▶ The task
All the lines below need to be output exactly, apart from any images.

▶ Provided material
= = = = = = =

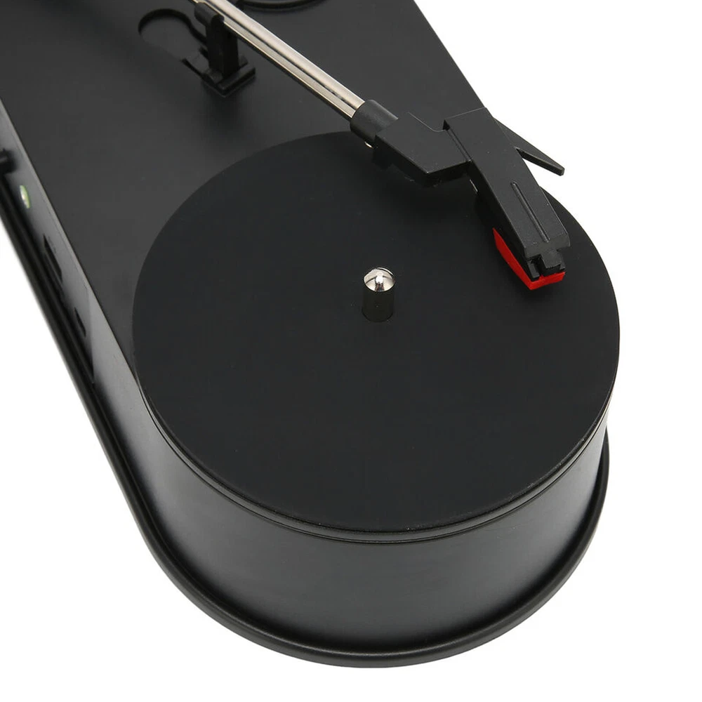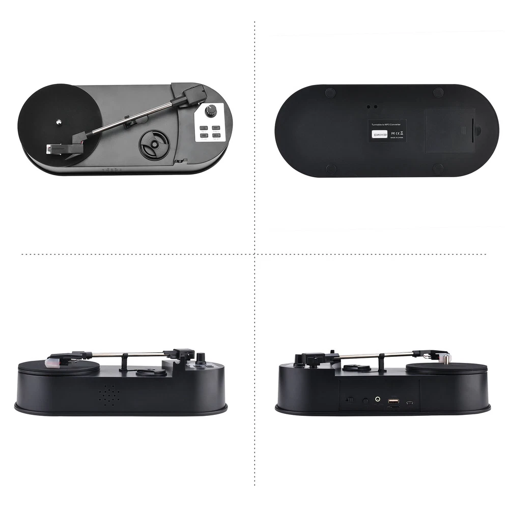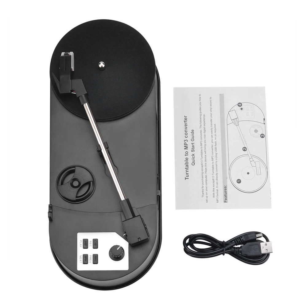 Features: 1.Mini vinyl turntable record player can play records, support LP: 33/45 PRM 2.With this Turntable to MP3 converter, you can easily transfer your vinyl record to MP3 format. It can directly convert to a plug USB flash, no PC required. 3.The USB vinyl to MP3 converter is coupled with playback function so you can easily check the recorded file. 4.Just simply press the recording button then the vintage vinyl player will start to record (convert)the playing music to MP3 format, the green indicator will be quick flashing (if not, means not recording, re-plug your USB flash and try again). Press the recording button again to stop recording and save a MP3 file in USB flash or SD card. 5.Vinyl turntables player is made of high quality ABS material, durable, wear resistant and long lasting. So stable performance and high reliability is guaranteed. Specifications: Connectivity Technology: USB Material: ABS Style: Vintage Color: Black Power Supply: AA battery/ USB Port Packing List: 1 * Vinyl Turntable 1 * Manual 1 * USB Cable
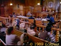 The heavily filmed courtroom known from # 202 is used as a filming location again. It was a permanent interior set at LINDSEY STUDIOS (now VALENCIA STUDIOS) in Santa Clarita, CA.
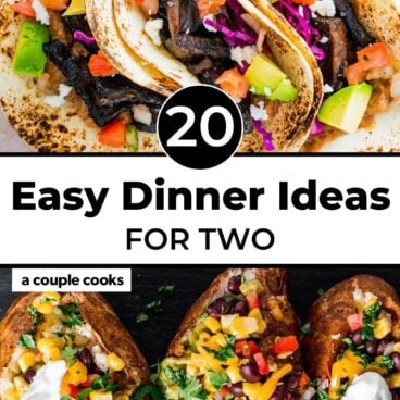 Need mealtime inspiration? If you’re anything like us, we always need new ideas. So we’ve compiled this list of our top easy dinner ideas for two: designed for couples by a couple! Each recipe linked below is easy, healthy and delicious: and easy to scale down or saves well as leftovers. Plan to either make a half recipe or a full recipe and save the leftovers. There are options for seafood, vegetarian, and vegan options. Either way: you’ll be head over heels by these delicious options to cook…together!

= = = = = = =

▶ Solution
 Features: 1.Mini vinyl turntable record player can play records, support LP: 33/45 PRM 2.With this Turntable to MP3 converter, you can easily transfer your vinyl record to MP3 format. It can directly convert to a plug USB flash, no PC required. 3.The USB vinyl to MP3 converter is coupled with playback function so you can easily check the recorded file. 4.Just simply press the recording button then the vintage vinyl player will start to record (convert)the playing music to MP3 format, the green indicator will be quick flashing (if not, means not recording, re-plug your USB flash and try again). Press the recording button again to stop recording and save a MP3 file in USB flash or SD card. 5.Vinyl turntables player is made of high quality ABS material, durable, wear resistant and long lasting. So stable performance and high reliability is guaranteed. Specifications: Connectivity Technology: USB Material: ABS Style: Vintage Color: Black Power Supply: AA battery/ USB Port Packing List: 1 * Vinyl Turntable 1 * Manual 1 * USB Cable
 The heavily filmed courtroom known from # 202 is used as a filming location again. It was a permanent interior set at LINDSEY STUDIOS (now VALENCIA STUDIOS) in Santa Clarita, CA.
 Need mealtime inspiration? If you’re anything like us, we always need new ideas. So we’ve compiled this list of our top easy dinner ideas for two: designed for couples by a couple! Each recipe linked below is easy, healthy and delicious: and easy to scale down or saves well as leftovers. Plan to either make a half recipe or a full recipe and save the leftovers. There are options for seafood, vegetarian, and vegan options. Either way: you’ll be head over heels by these delicious options to cook…together!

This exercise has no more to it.